The URBANAGE Consortium came together in Athens last week to work together on our digital solutions to help better engage older residents and create more age-friendly cities.

Updates on progress from our pilot cities will be shared in the coming weeks. In the meantime here's a light hearted look at three key takeaways that stood out (at least to the author here) from the meeting.

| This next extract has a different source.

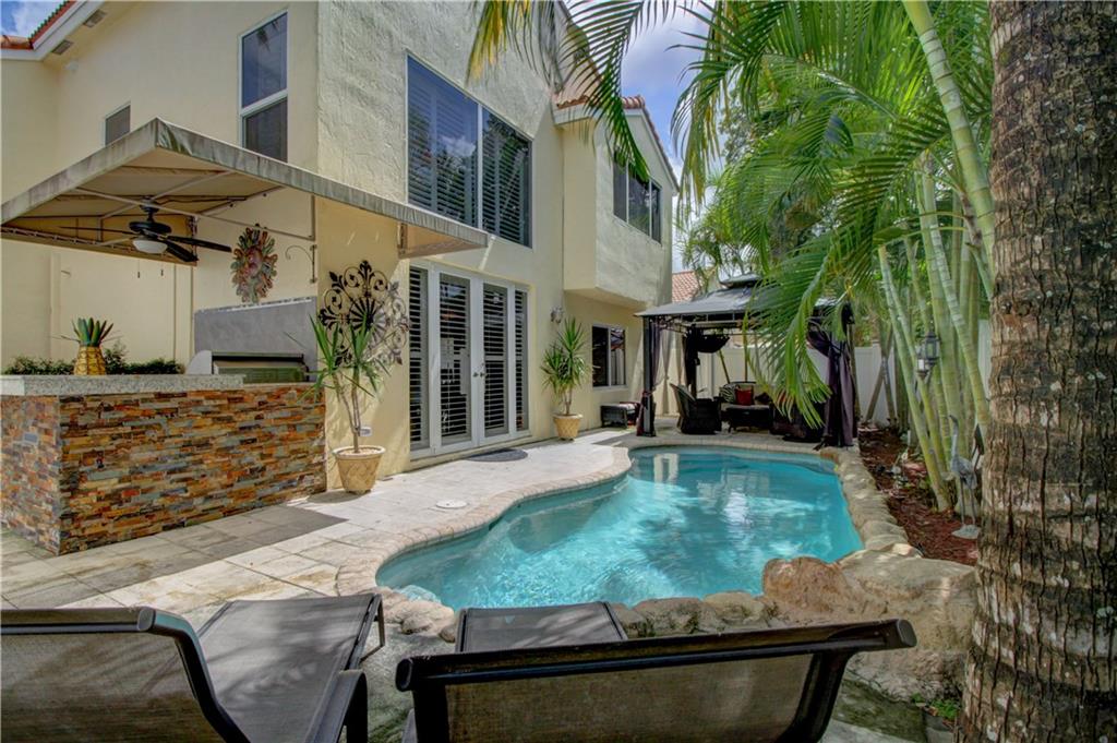 A rare designer gem in the heart of Weston. This 4 Bedroom + Den, 2 1/2 Bath home is a beautiful, super-versatile space that checks all the boxes. The home sits on a tranquil cul-de-sac nestled in a private picturesque setting. The home features a his and hers walk-in closet, a beautifully appointed cook's kitchen with generous food preparation spaces, sleek cabinetry, dark granite countertops and stainless steel appliances. The home hosts luxury fittings and fixtures; crown molding throughout, living room custom slate accent wall, stone accent walls throughout, pool, plantation shutters, ample storage space, and a custom iron staircase. Tranquil master bedroom & bathroom designed for pampering with a personal steam shower. Hurricane Impact Windows, 4 Years Old Roof & 1 Year Old AC

1. Don’t judge a book by its cover: UX is often at play

A number of consortium members giggled when we first saw the first participatory data collection device from Helsinki. The big black box with its push buttons was more akin to a 1980’s tv games console than the smart devices we are used to using every day. Then we heard about how difficult it is for older adults wearing gloves in the extreme cold of Helsinki’s winters to use any kind of touchscreen device. The black box was specifically designed by a user experience (UX) expert to be robust, to be used in hardy conditions and to be simple for any older adult to use. A lesson was quickly learned… we are not the target demographic so we have to be careful to design for what the older adults want rather than what we think they want.

2. Technology by itself is not that exciting: Humanise technology with personas

Reviewing architecture and app service screens is hard to follow and assess without putting yourself in the shoes of the target user, and no developer ever enjoys presenting to a room full of glassy eyes. Leveraging the personas developed during the initial pilot co-creation workshops, as demonstrated by Santander at the meeting, helps the viewer better understand the purpose of specific technology features and be able to provide useful feedback. Reviewing a dashboard as Lola, an 82 year old pensioner in good health, is different to that of Laura a busy city administrator in her 30’s. Continuing to leverage personas is a practice URBANAGE plans to adopt for its forthcoming video series, but note these won’t replace actual end-user co-creation and validation in the real world.

3. Sustainability is complex: Its an ongoing process that must be dynamic and iterative

The old saying ‘a camel is a racehorse built by committee’ could have been written about many European projects in the past which focused on trying to create one perfect product or service. To mitigate the risk of creating a solution that overlooks broader societal context URBANAGE has tried to adopt a more holistic view of sustainability that is not about a single product or service but is rather an interplay of the various systems, stakeholders and outputs that make up the project. In this way the URBANAGE solutions can be more adaptive and resilient allowing for flexibility and adaptation to changing conditions and needs. However, the traditional pull to focus just on platform exploitation is strong, and so more interactive workshops which bring multiple perspectives and expertise of the partners into the modelling of sustainability pathways is needed.

Finally, one (rather flippant) question URBANAGE didn't manage to answer with consensus after the project dinner is - can Tortellini, even with the addition of mushrooms, really ever be called an authentic Greek dish? I think our Italian Coordinator may have the casting vote here!